O que está a acontecer com a greve dos enfermeiros faz parte da cartilha dos governos populistas, sobretudo quando apoiados por radicais. Num primeiro momento, o discurso é dominado pela promessa. Os governantes não só prometem tudo como acusam os seus antecessores de terem sido incapazes de dialogar e descrispar (era esse o doce tempo em que, por exemplo, o primeiro-ministro se declarava “surpreendido pela polémica” em torno da aplicação das 35 horas de trabalho na função pública).
Num segundo momento passam a fazer um discurso mais cauteloso: é a fase em que, invocando o realismo, os ilusionistas da véspera começam a aludir a cálculos que ficam sempre para amanhã. (Desta passagem do ilusionismo para o realismo procrastinado é particularmente representativa a atitude Marcelo Rebelo de Sousa ao promulgar o diploma das 35 horas na função pública: “Presidente da República promulga 35 horas deixando em aberto recurso ao Tribunal Constitucional em caso de aumento real de despesa”. )
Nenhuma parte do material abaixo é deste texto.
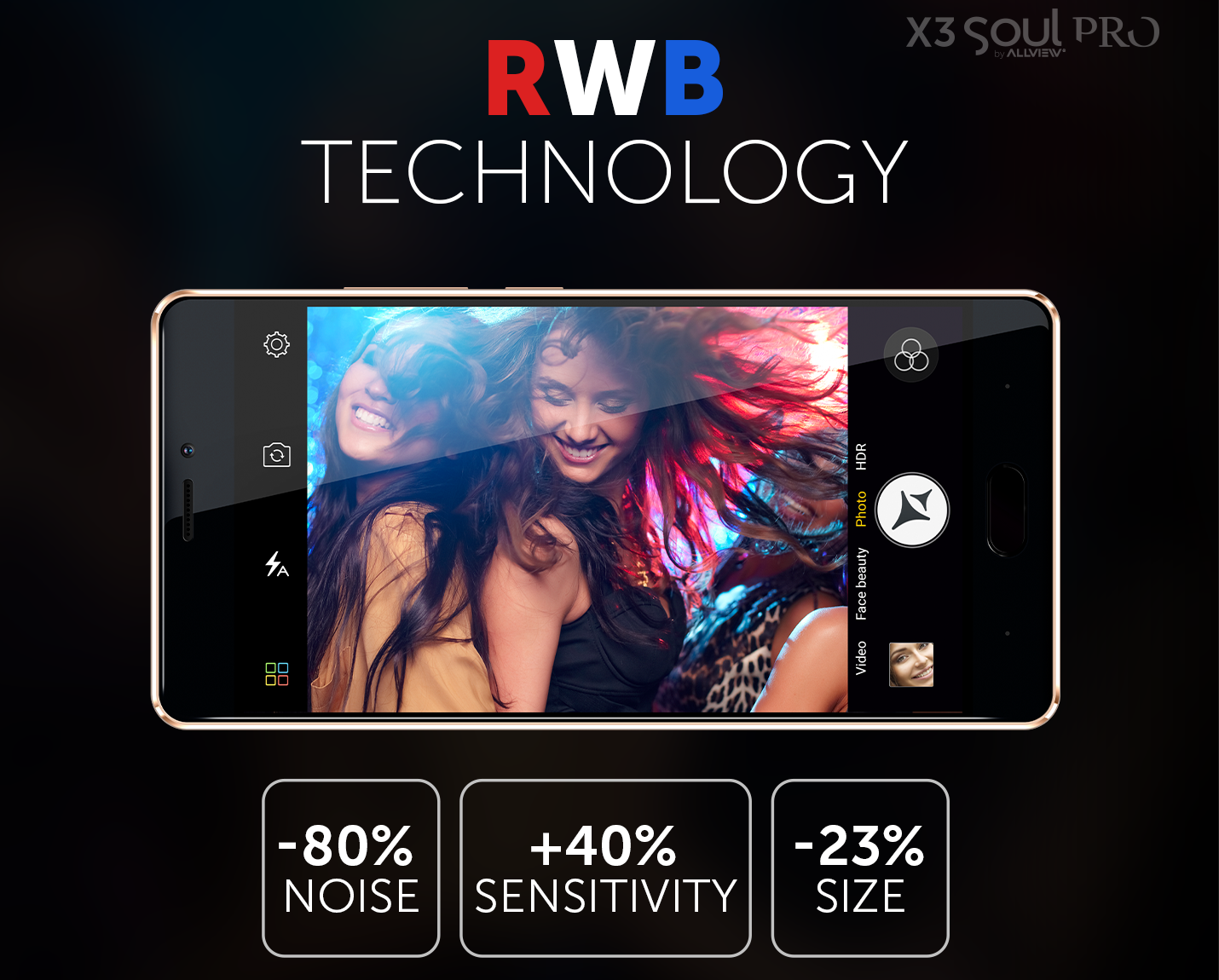 Cu Allview X3 Soul Pro însă, putem scăpa de această grijă și asta datorită implementării unei structuri de tip RWB pentru pixeli (roșu, alb, albastru). Astfel, în comparație cu soluția clasică RGB, noua tehnologie poate reduce cu până la 80% zgomotul din imagine în condiții de iluminare scăzută.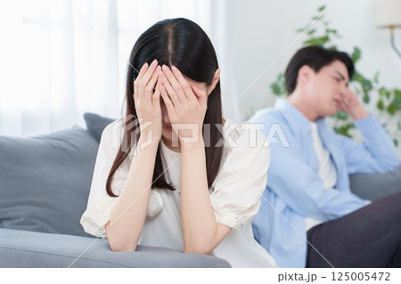 家で悩む男女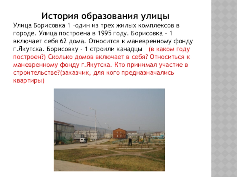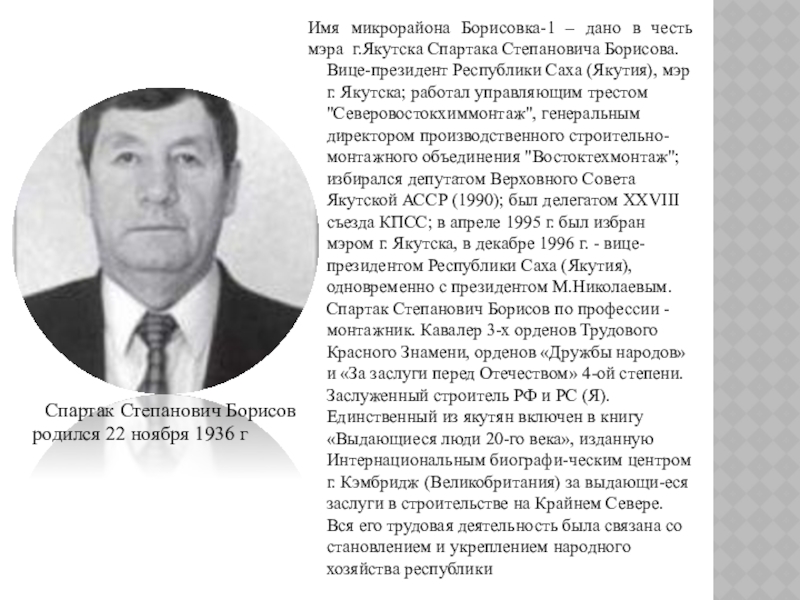 Имя микрорайона Борисовка-1 – дано в честь мэра г.Якутска Спартака Степановича Борисова.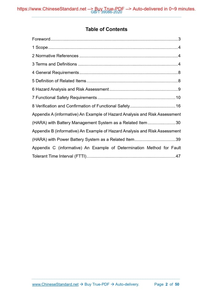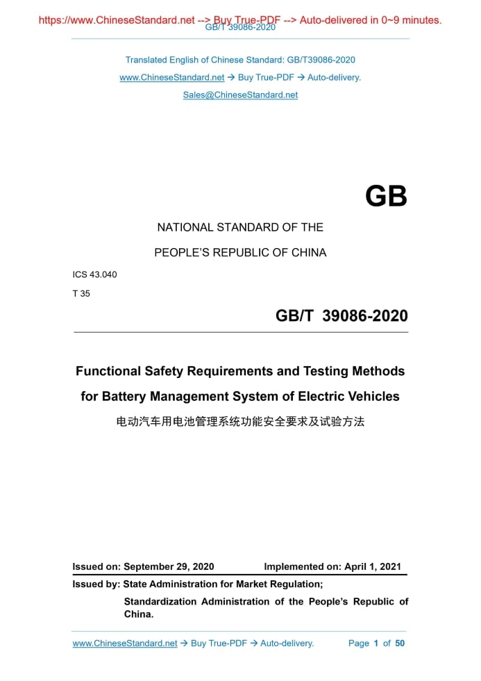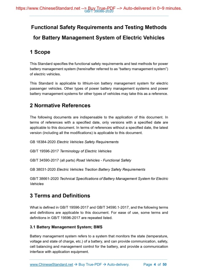 Similar standardsGB/T 39086-2020: Functional Safety Requirements and Testing Methods for Battery Management System of Electric Vehicles---This is an excerpt. Full copy of true-PDF in English version (including equations, symbols, images, flow-chart, tables, and figures etc.), auto-downloaded/delivered in 9 seconds, can be purchased online: https://www.ChineseStandard.net/PDF.aspx/GBT39086-2020 GB NATIONAL STANDARD OF THE PEOPLE’S REPUBLIC OF CHINA ICS 43.040 T 35 Functional Safety Requirements and Testing Methods for Battery Management System of Electric Vehicles Issued on. SEPTEMBER 29, 2020 Implemented on. APRIL 1, 2021 Issued by. State Administration for Market Regulation; Standardization Administration of the People’s Republic of China. Table of ContentsForeword... 3 1 Scope... 4 2 Normative References... 4 3 Terms and Definitions... 4 4 General Requirements... 8 5 Definition of Related Items... 8 6 Hazard Analysis and Risk Assessment... 9 7 Functional Safety Requirements... 10 8 Verification and Confirmation of Functional Safety... 16 Appendix A (informative) An Example of Hazard Analysis and Risk Assessment (HARA) with Battery Management System as a Related Item... 30 Appendix B (informative) An Example of Hazard Analysis and Risk Assessment (HARA) with Power Battery System as a Related Item... 39 Appendix C (informative) An Example of Determination Method for Fault Tolerant Time Interval (FTTI)... 471 ScopeThis Standard specifies the functional safety requirements and test methods for power battery management system (hereinafter referred to as “battery management system”) of electric vehicles. This Standard is applicable to lithium-ion battery management system for electric passenger vehicles. Other types of power battery management systems and power battery management systems for other types of vehicles may take this as a reference.2 Normative ReferencesThe following documents are indispensable to the application of this document. In terms of references with a specified date, only versions with a specified date are applicable to this document. In terms of references without a specified date, the latest version (including all the modifications) is applicable to this document. GB 18384-2020 Electric Vehicles Safety Requirements GB/T 19596-2017 Terminology of Electric Vehicles GB/T 34590-2017 (all parts) Road Vehicles - Functional Safety GB 38031-2020 Electric Vehicles Traction Battery Safety Requirements GB/T 38661-2020 Technical Specifications of Battery Management System for Electric Vehicles3 Terms and DefinitionsWhat is defined in GB/T 19596-2017 and GB/T 34590.1-2017, and the following terms and definitions are applicable to this document. For ease of use, some terms and definitions in GB/T 19596-2017 are repeated listed. 3.1 Battery Management System; BMS Battery management system refers to a system that monitors the state (temperature, voltage and state of charge, etc.) of a battery, and can provide communication, safety, cell balancing and management control for the battery, and provide a communication interface with application equipment. 3.2 Secondary Cell Secondary cell refers to a basic unit device that mutually converts chemical energy and electrical energy. Secondary cell usually includes electrodes, diaphragms, electrolytes, shells and terminals, and is designed to be rechargeable. 3.4 Power Battery System Power battery system refers to an energy storage device consisted of one or more battery packs and corresponding accessories (battery management systems, high- voltage circuits, low-voltage circuits, thermal management equipment and mechanical assembly) to provide electrical energy for the driving of electric vehicles. 3.5 Fault Tolerant Time Interval; FTTI Fault tolerant time interval refers to the shortest time interval from the occurrence of an internal failure of a related item to the occurrence of a hazardous event under the circumstance where the safety mechanism is not activated.4 General RequirementsUnless it is otherwise specified, the requirements for the functional safety technology development and process development of battery management system shall be implemented in accordance with GB/T 34590-2017 (all parts).5 Definition of Related Items5.1 General Rules In accordance with the requirements of GB/T 34590.3-2017, related items shall be defined. Related items refer to systems or system groups that implement vehicle-level functions or partial functions. 5.2 Functional Concept In order to satisfy the safe operation of a vehicle and ensure the safety of the internal and external personnel of the vehicle, and the vehicle environment, the battery management system shall monitor and protect the safe operation of the power battery. 5.3 Operating Conditions and Environmental Constraints In order to satisfy the safe operation of a vehicle, the operating conditions and environmental constraints of related items need to be clarified, which may include (if applicable).6 Hazard Analysis and Risk Assessment6.1 General Rules In accordance with the definition of related items in Chapter 5, and GB/T 34590.3-2017, based on the scenario of vehicle usage, analyze and identify hazards caused by faults of the related items; classify the hazards; define the corresponding automatic safety integrity level (ASIL); formulate safety goals to prevent the occurrence of hazardous events or relieve the degree of hazards, so as to avoid unreasonable risks. 6.2 Safety Goals The safety goals and their attributes of the battery management system determined through hazard analysis and risk assessment shall at least include the content listed in Table 1.7 Functional Safety Requirements7.1 Prevent Thermal Runaway Caused by Overcharging of Secondary Cell 7.1.1 General requirements The battery management system shall monitor the voltage of secondary cell. When the voltage of secondary cell exceeds the safety threshold, the power battery system shall be put into a safe state within FTT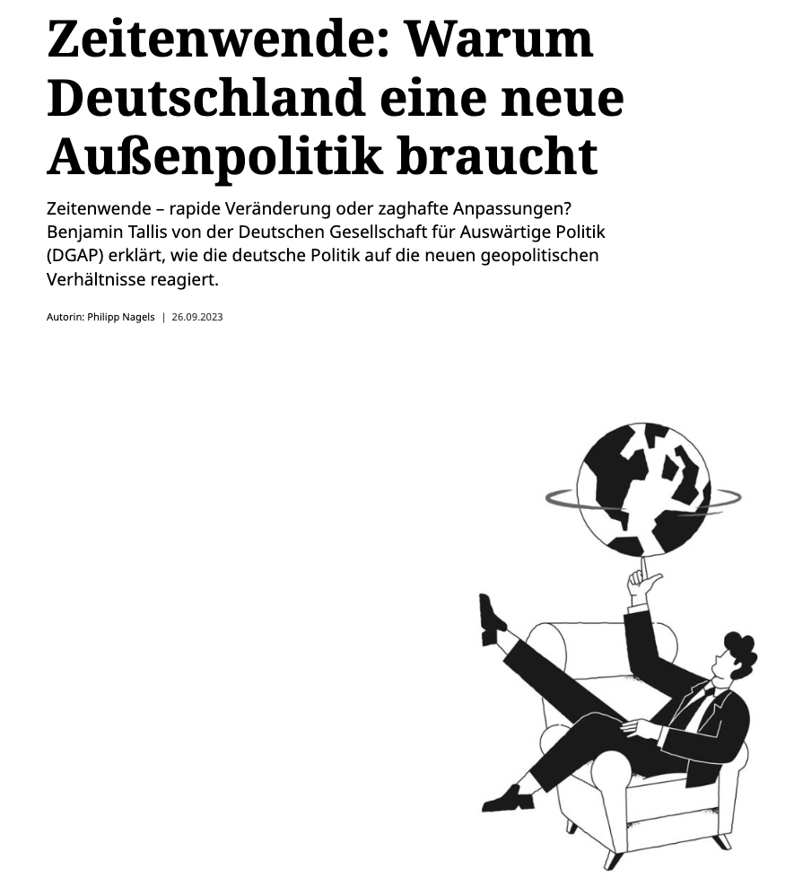 Benjamin Tallis: Wir können die Zeitenwende als etwas verstehen, das uns widerfährt, oder als etwas, das wir tun. Bei der ersten Sichtweise handelt es sich um eine fundamentale geopolitische Verschiebung. Diese Verschiebung wurde am deutlichsten durch die Ausweitung der russischen Invasion in die Ukraine im Februar 2022. Diese war in gewissem Maß allerdings eine Fortsetzung von Trends, die sich schon abgezeichnet hatten: der Aufstieg autoritärer Staaten als Konkurrenz zu den Demokratien des Westens. Jetzt beobachten wir eine systemische Rivalität zwischen Demokratien und Autokratien. Die Reaktion auf diese geopolitische Verschiebung markierte ihrerseits eine Zeitenwende – etwas, das wir tun.
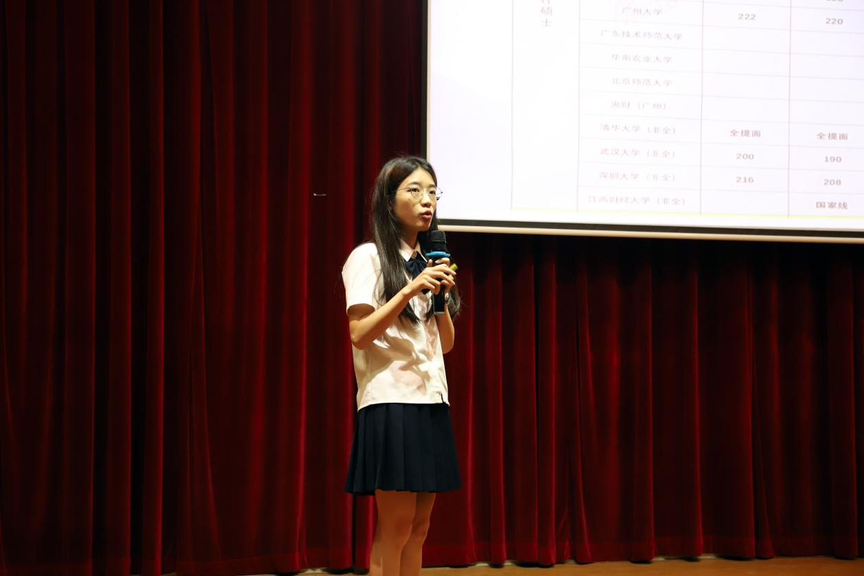 陈仁浩师兄于今年顺利考取南京大学研究生。他从考研的整体情况分析、备考心路历程、相关学科的复习建议等方面与大家分享了他的考研经历。陈春颜师姐今年顺利被华南师范大学应用心理专业录取,陈师姐详细介绍了精加工策略法和组织策略法,鼓励同学们要做一个充满希望、积极乐观的人,在备考中要及时调整心态,坚定考研目标。邵敏师姐于今年顺利考取广州大学会计专业研究生,她从院校分析引入话题,鼓励同学们可以多报考新设院校,同时邵师姐还指出模拟面试能够对知识进行查漏补缺,减少紧张感。曾宝仪师姐今年顺利被香港浸会大学传媒管理专业录取,她提出绩点是留学的王道,鼓励同学们要认真学习,提高绩点。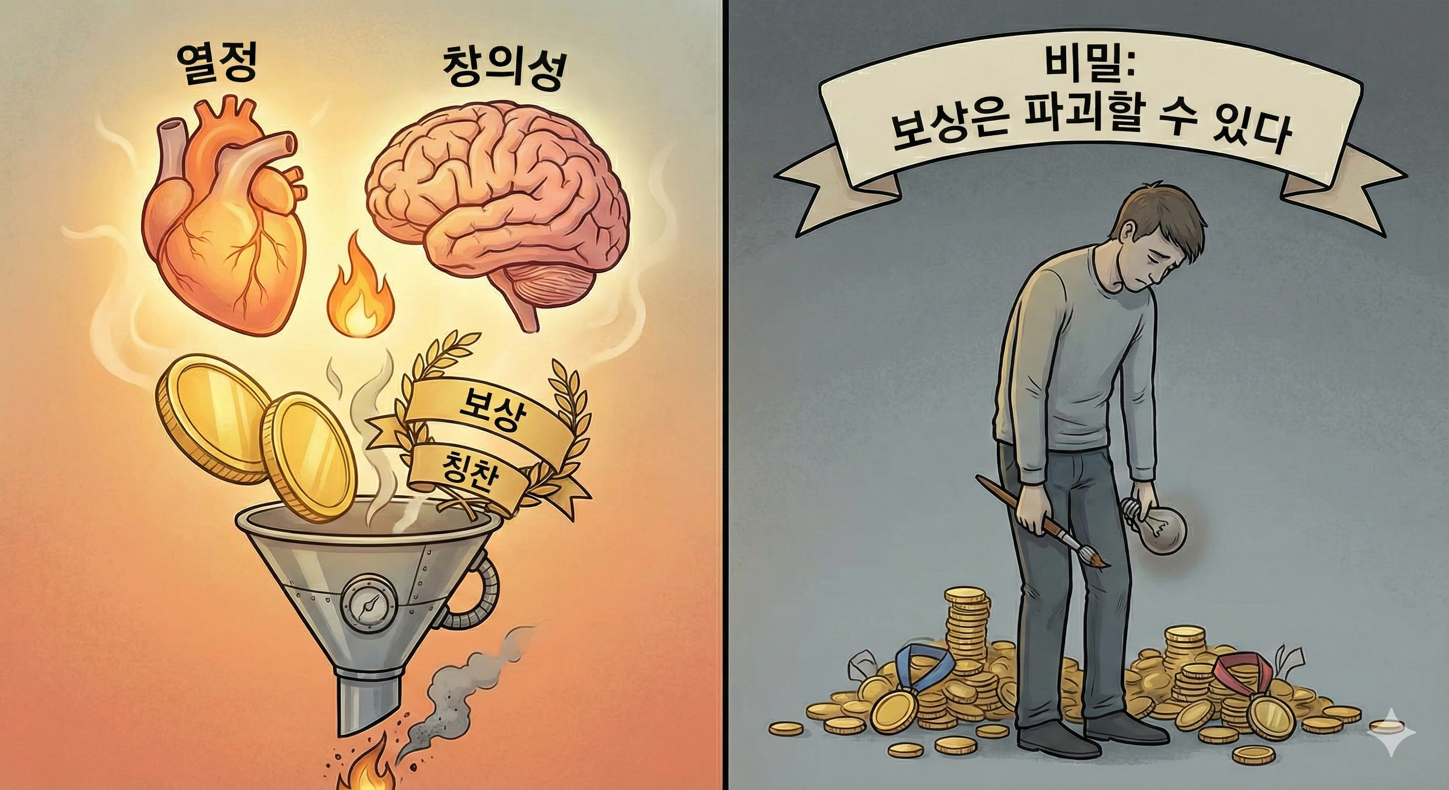 그렇다면 엔진은 어떻게 켜지는 걸까요? 연료는 무엇일까요? 우리는 앞으로 3편의 시리즈를 통해 마음의 엔진을 분해해 볼 것입니다. 이번 편에서는 보상의 역설을 다룹니다. 우리는 칭찬과 돈이 최고의 연료라고 믿습니다. 하지만 때로는 보상이 열정을 파괴하기도 합니다. 그 충격적인 비밀을 밝힙니다.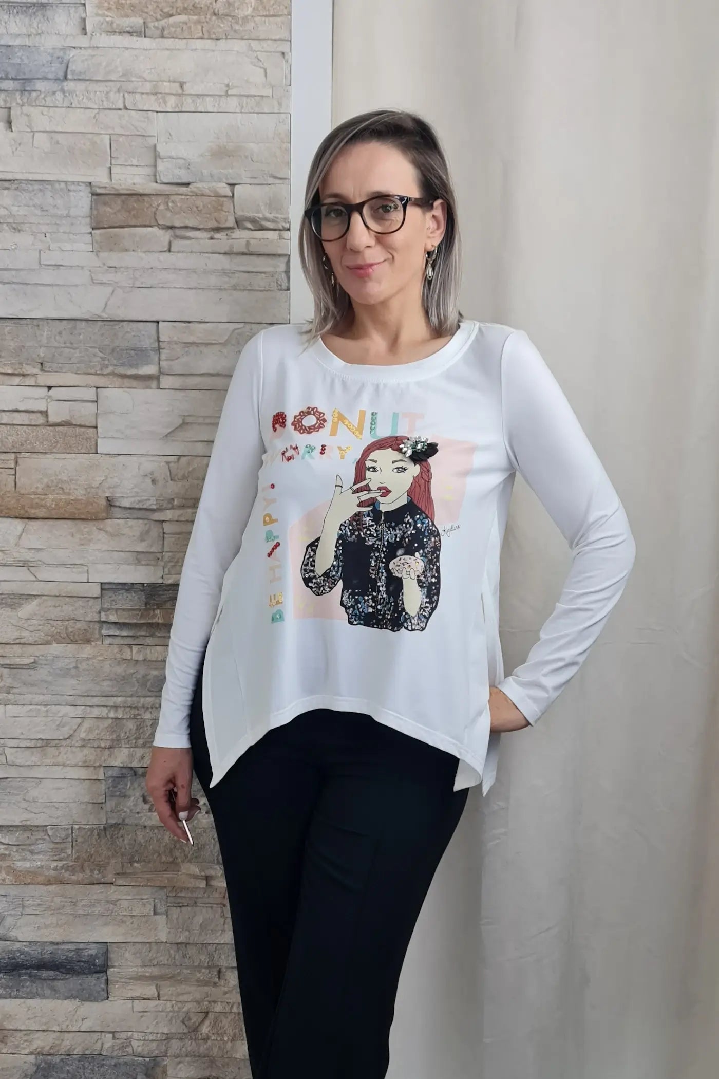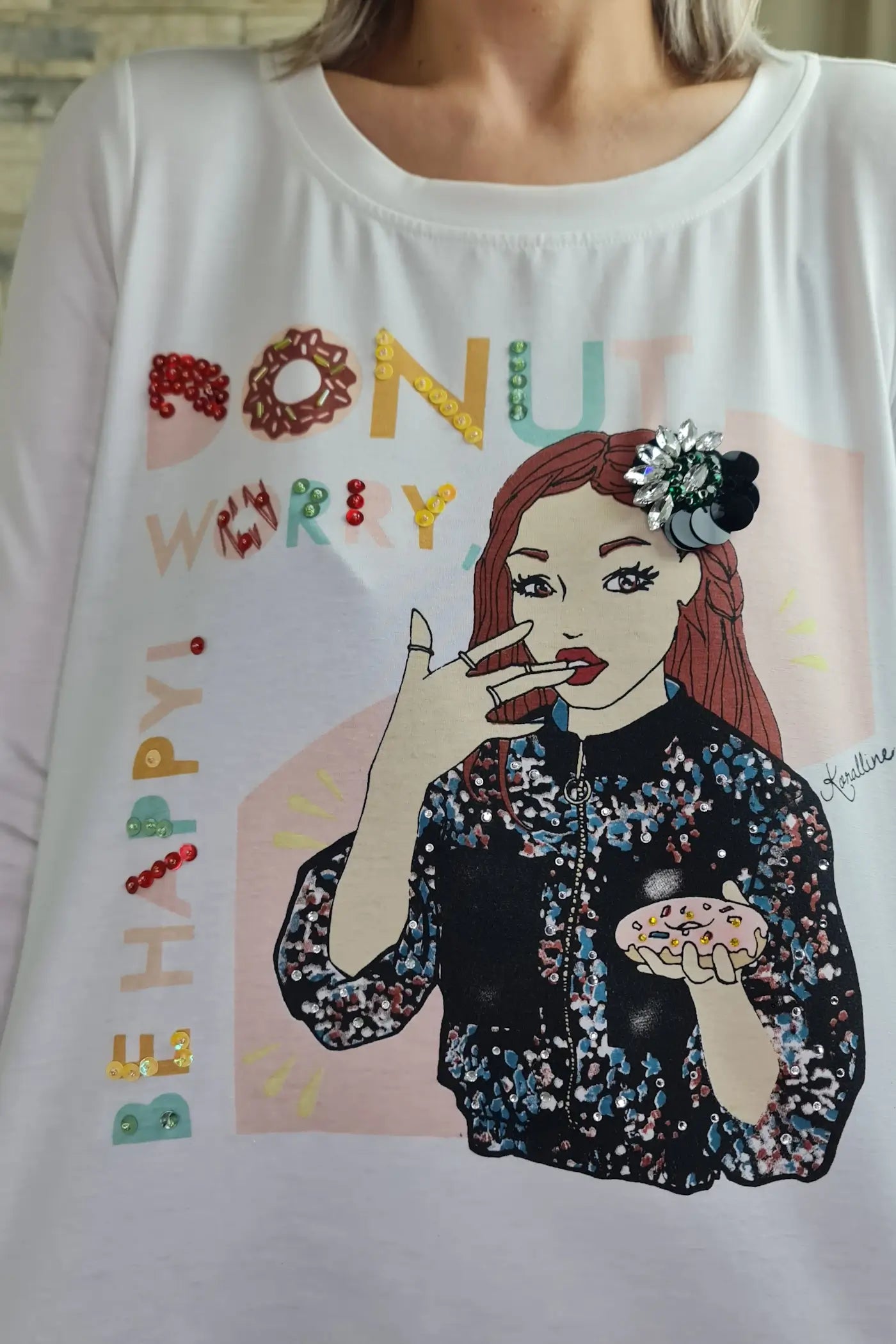 O destaque da peça é o estampado frontal vibrante e irreverente, com uma figura feminina estilizada envolta por um design gráfico e divertido. A inscrição "DONUT WORRY BE HAPPY!" e os detalhes de missangas e lantejoulas que dão forma ao estampado (como nos donuts e em parte da figura) injetam um toque de brilho e bom humor, convidando-a a expressar a sua personalidade de forma autêntica e descomplicada.

Num terceiro momento, os mesmo que gritaram e juraram pela descrispação recorrem a tudo aquilo que condenavam quando eram oposição para reprimir os que não se submetem ao seu discurso e que automaticamente caem no campo do anti-patriotismo e ligação a interesses obscuros, regra geral do sector privado, imperialismo, fascismo… ou o que estiver a dar como facto gerador de indignações fáceis. É nesse momento em que estamos relativamente à greve dos enfermeiros. Para os devidos efeitos já foi convocada essa polícia para todo o serviço dos senhores primeiros-ministros que é a ASAE. Mais se verá nos próximos dias, tudo evidentemente com a conivência e aplauso dos mesmos que andam há anos a jurar pelo sagrado direito à greve.